# How to repair graphite fishing rod?



## FergusonTO35 (May 24, 2013)

Hey guys. I cracked my Abu Garcia graphite spinning rod by accidentally slamming a car door on it. The clear coat is broken but the fibers are still attached, albeit stretched and flexible. Is there a way to easily repair it? I was thinking that a good coat of epoxy with some line wrapped around it might work. I'll take a picture of it when I get home, any suggestions appreciated!


----------



## Fifelaker (May 24, 2013)

I would check Janns Netcraft. I have bought a lot of stuff from them over years great people to deal with.


----------



## Matt59 (May 24, 2013)

What part of the rod is broken?

I got my girlfriend a 9' pink surf rod with a light-up reel a few years ago (hey, it beats buying jewelry/flowers/other useless junk). She stepped on it once and snapped it about 5-6'' from the tip.
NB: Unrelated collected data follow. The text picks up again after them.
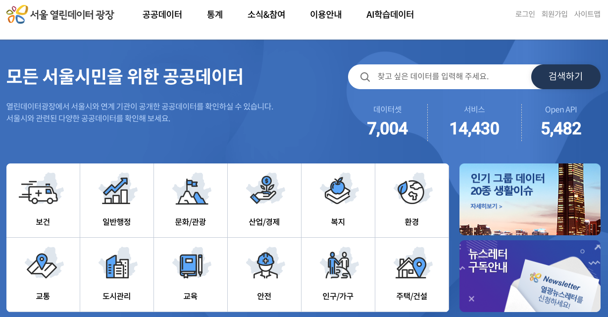 참고로 서울시에서 운영하는 서울 열린데이터 광장 https://data.seoul.go.kr/ 도 있으니 함께 참고하면 좋습니다.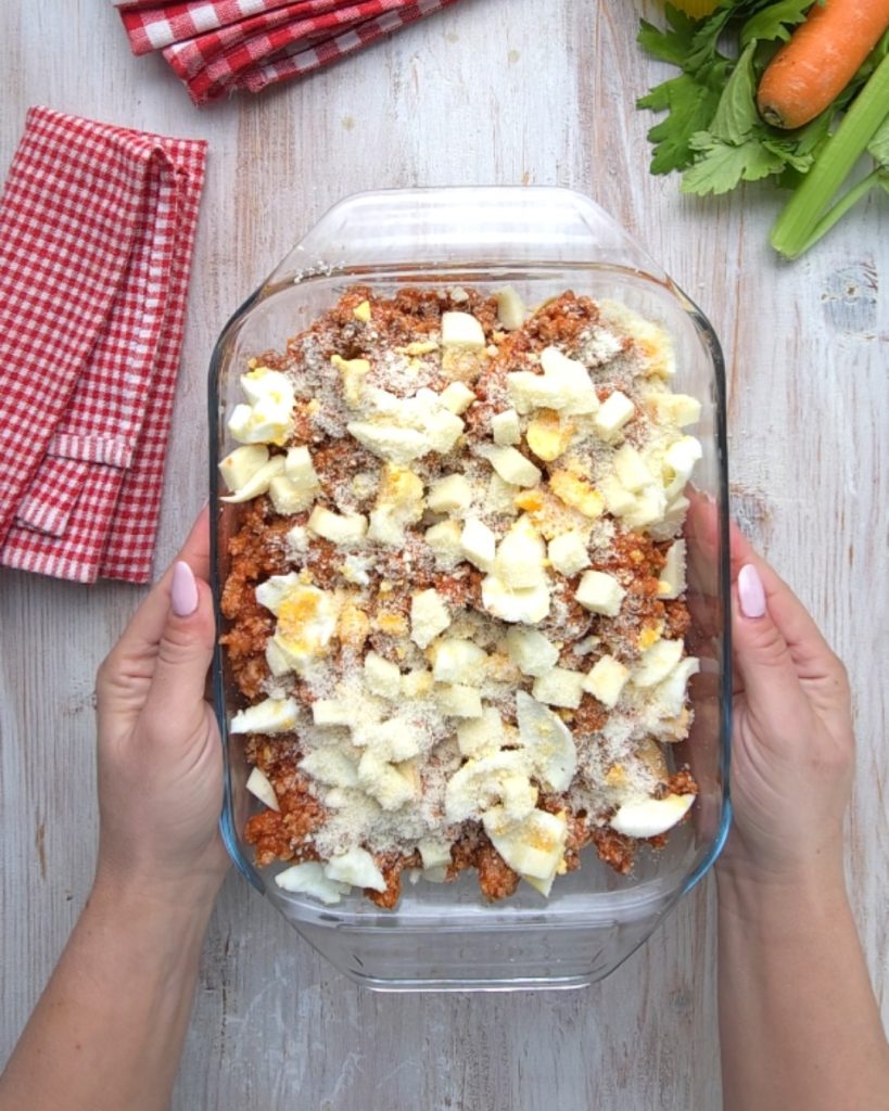 Cubra os ninhos com bastante molho, scamorza e parmesão. Agora leve ao forno a 170°C por 30-35 minutos; na metade do tempo, despeje duas conchas de caldo de legumes ou água quente. Retire do forno os seus ninhos de tagliatelle e sirva quentes.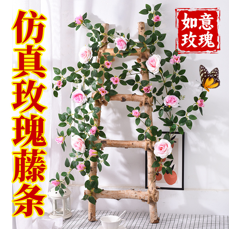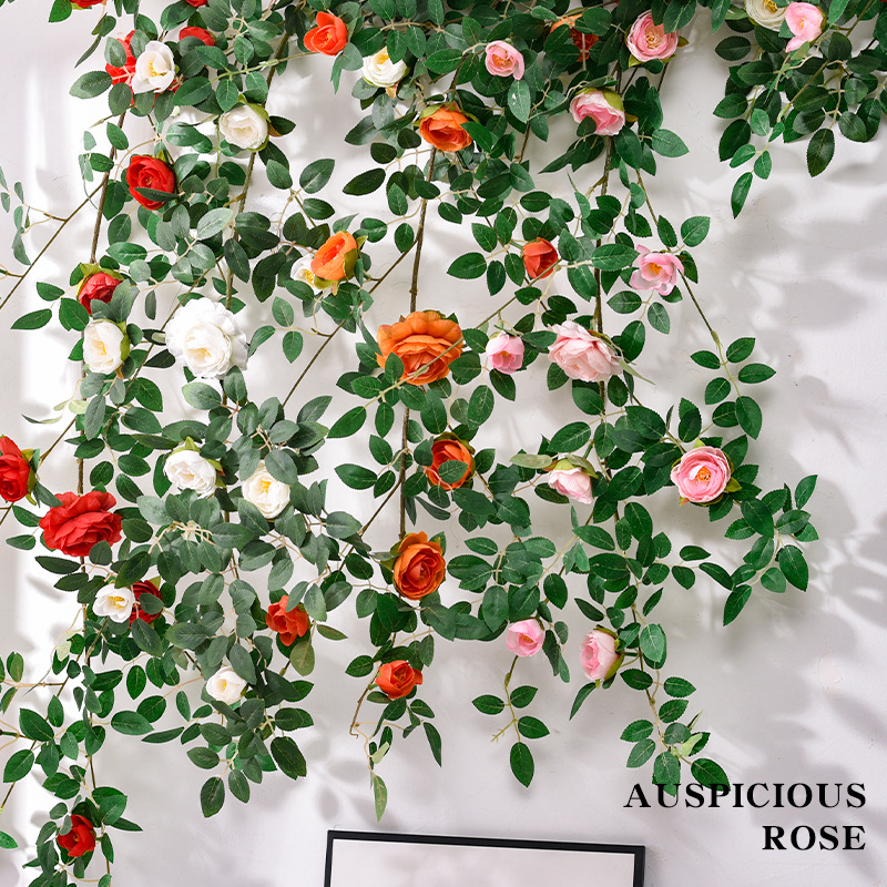 造花ローズティー、バラのつる、フェイクグリーン、室内天井、エアコン配管巻き、ウェディングアーチ装飾、卸売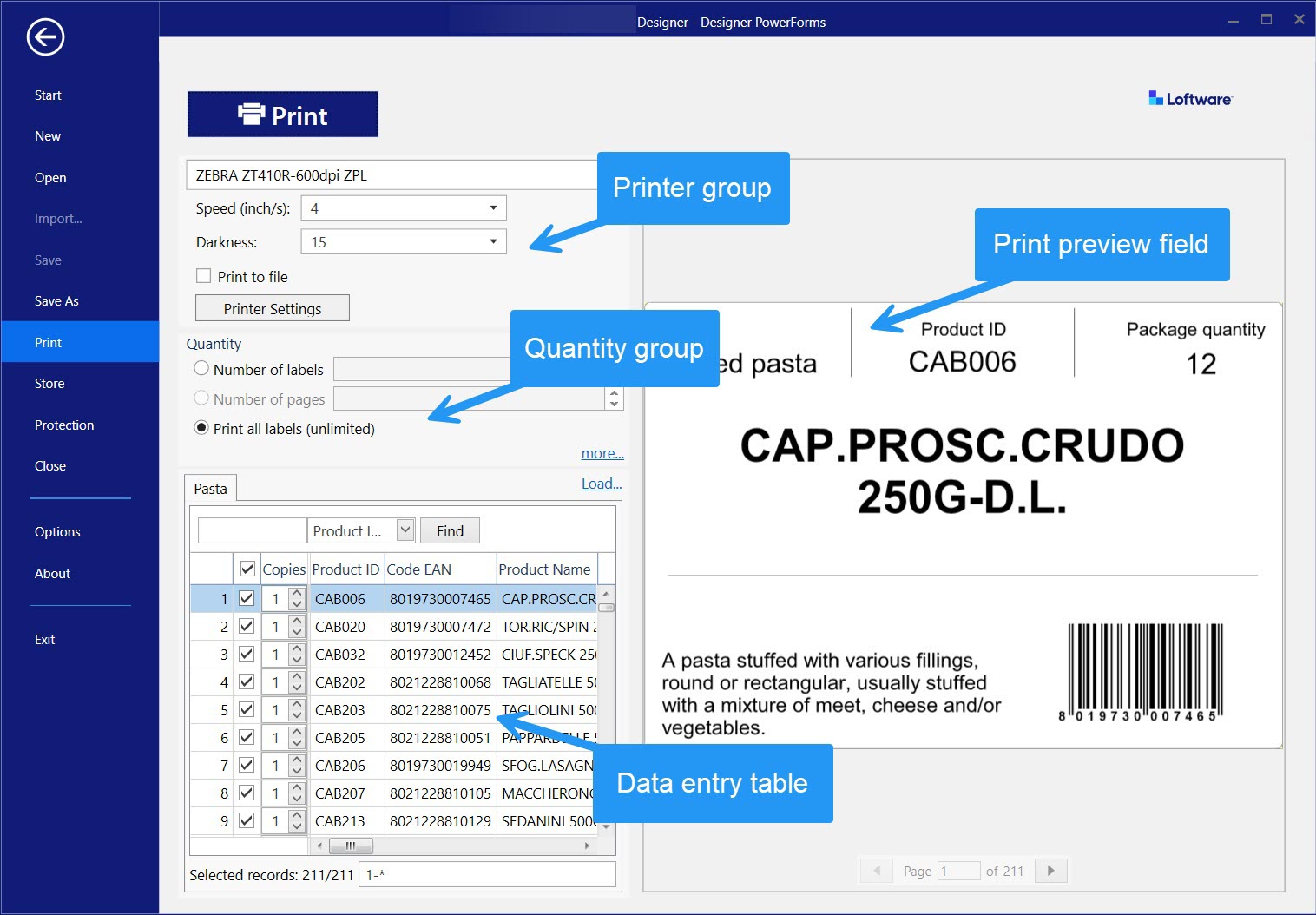 Print all labels (unlimited): prints all labels as defined by the label design. More details about this option are available here.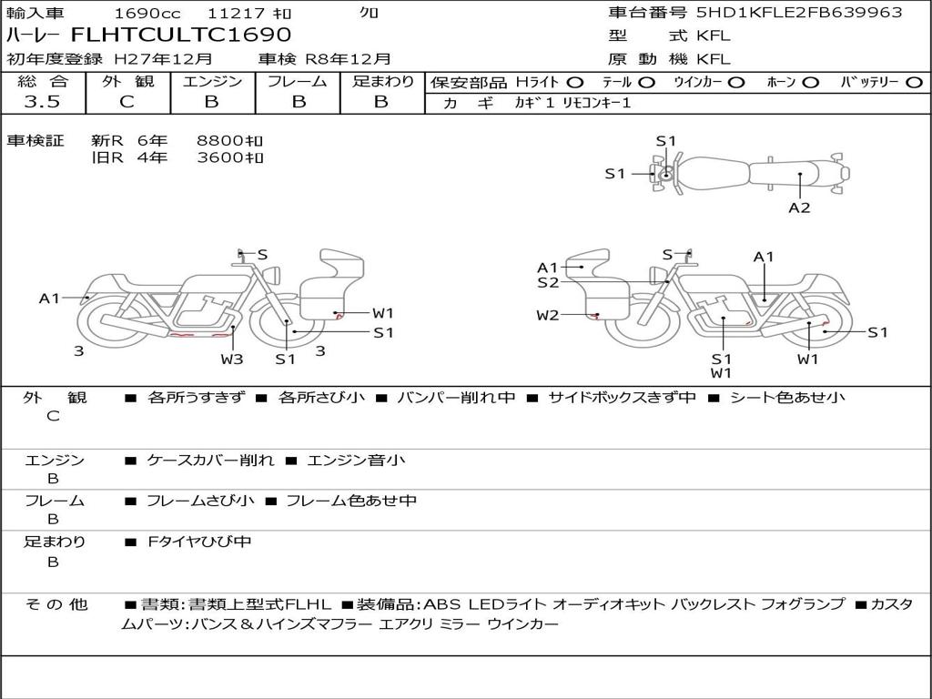 | Номер рамы / VIN | 5HD1KFLE2FB639963 |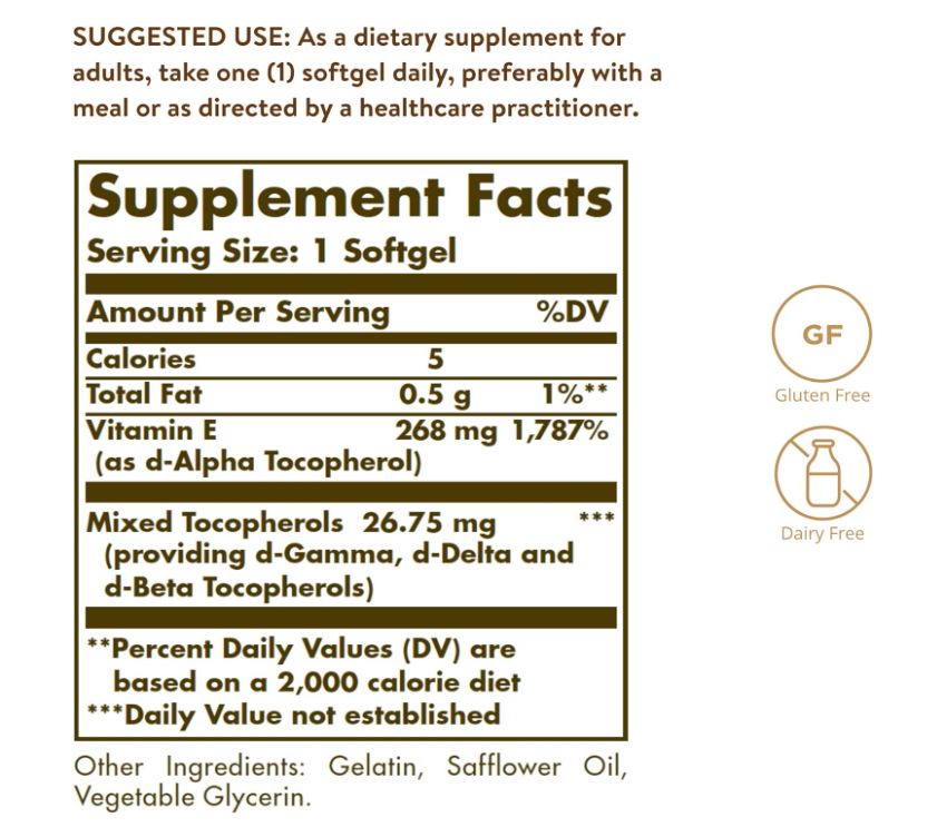 Solgar Vitamin E 268 MG (400 IU) 维他命E 100 Softgels
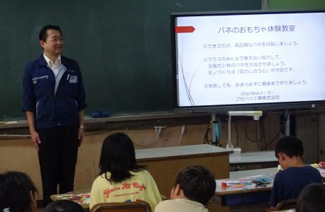 東大阪市の小学生を対象に行われている「紙バネ体験教室」。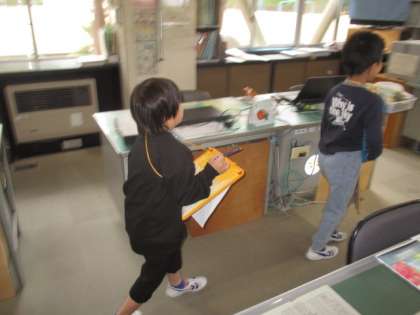 1・2年生の生活科で、学校探検を行いました。2年生の班長が中心になって、各教室や特別教室等を訪問しました。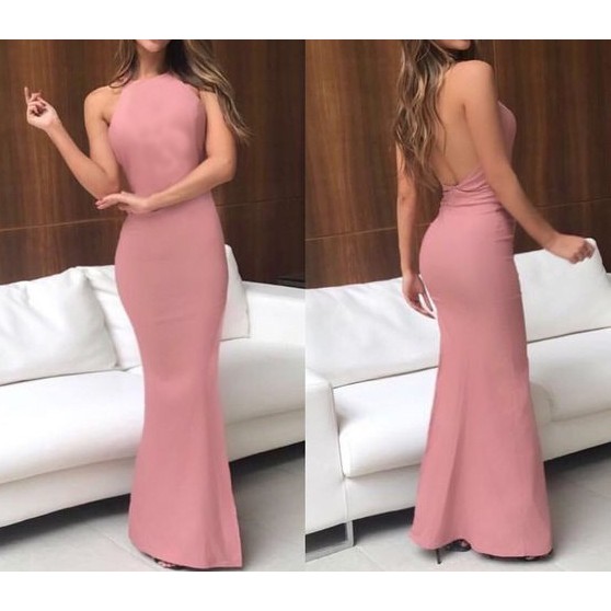 Vestido madrinha rose longo festa formatura casamento costas nua N131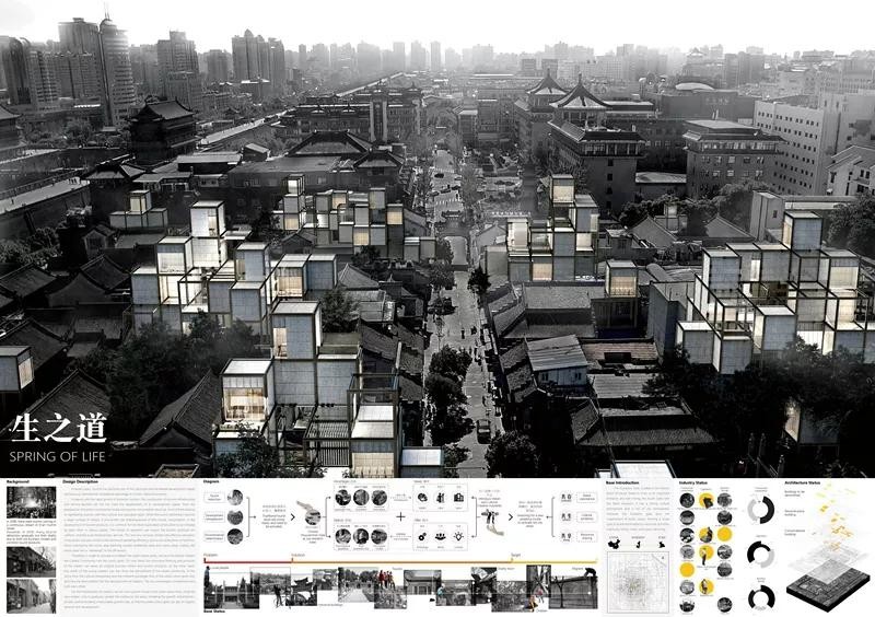 西安交大建筑学系本科生黄晓滢、佘欣艺、孙万齐在冯伟、贾建东老师的指导下完成的《生之道SPRING OF LIFE》作品,以具有深厚历史文化底蕴,同时具有完善传统产业基础的西安书院门地区作为基地,试图引入一个创客社区,该创客社区住户能够在APP上自由选择房屋位置、规模、材质等等,实现高度定制化,成为个人空间的设计者。作品利用科学技术刺激传统产业复兴,从而带动整个地区的自然更新,最终达到空间共存、文化共生、资源共享的理想状态。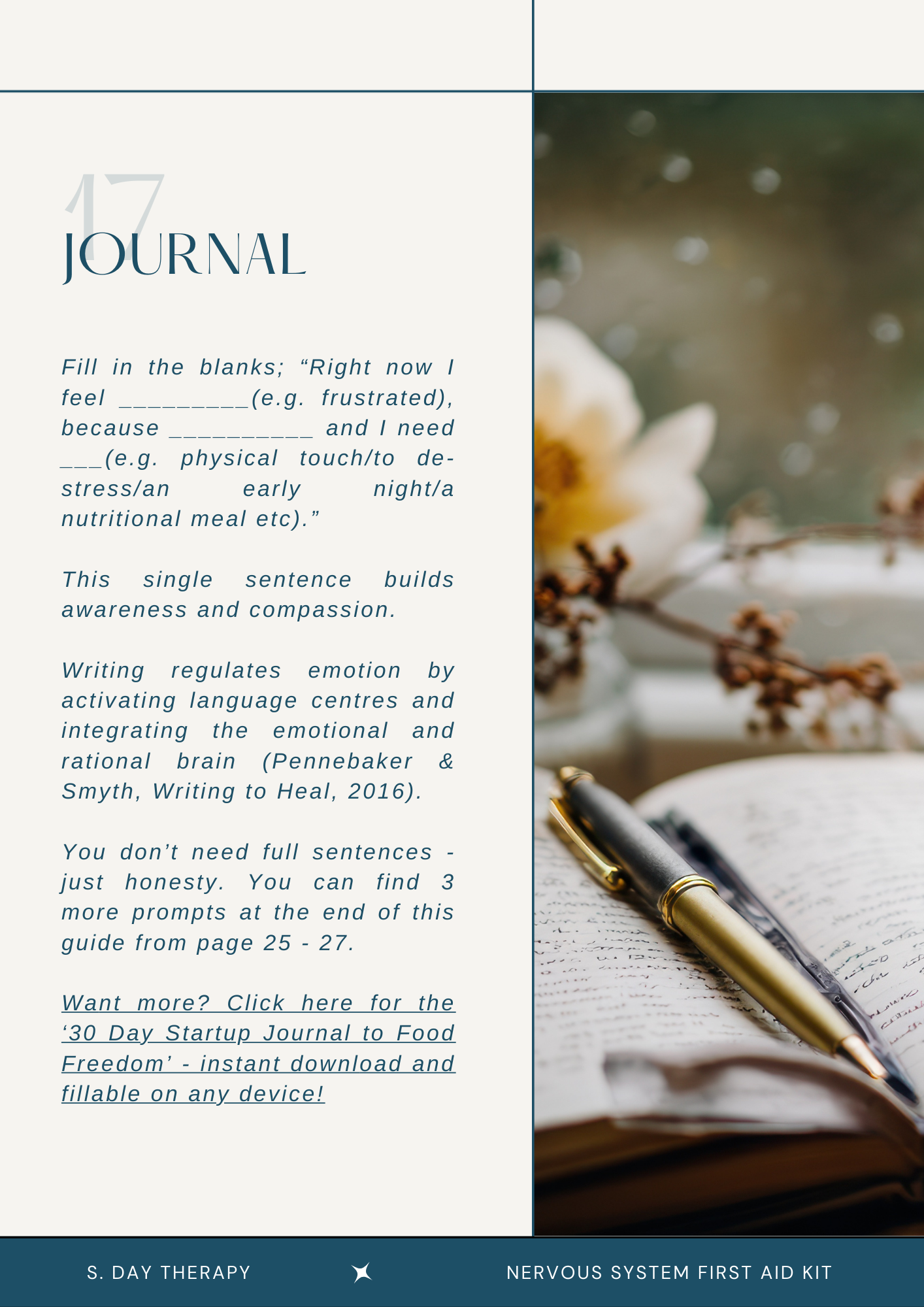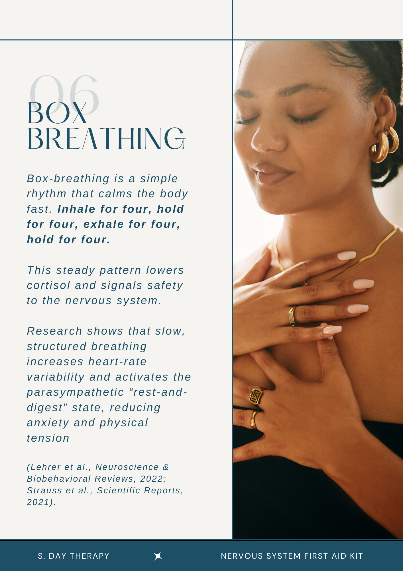 This Nervous System First Aid Kit gives you 20 simple, science-backed tools to help you feel calmer, grounded and more in control. You’ll learn practical, gentle techniques - each explained in clear language so you can use them immediately - even on the days when everything feels too much.

I fixed it by trimming and squaring up the ends, took a knitting needle (4'' more or less), coated it with super glue and inserted it in both ends, then wrapped the seam in thread (pink, of course), and put a coat of super glue on that.

The needle is for structure and to connect the two pieces and the thread is to cover the seam and prevent the line from abrading on it.

It's not as sensitive as it was before but it still works and still can throw out a 3oz sinker and cut bait.


----------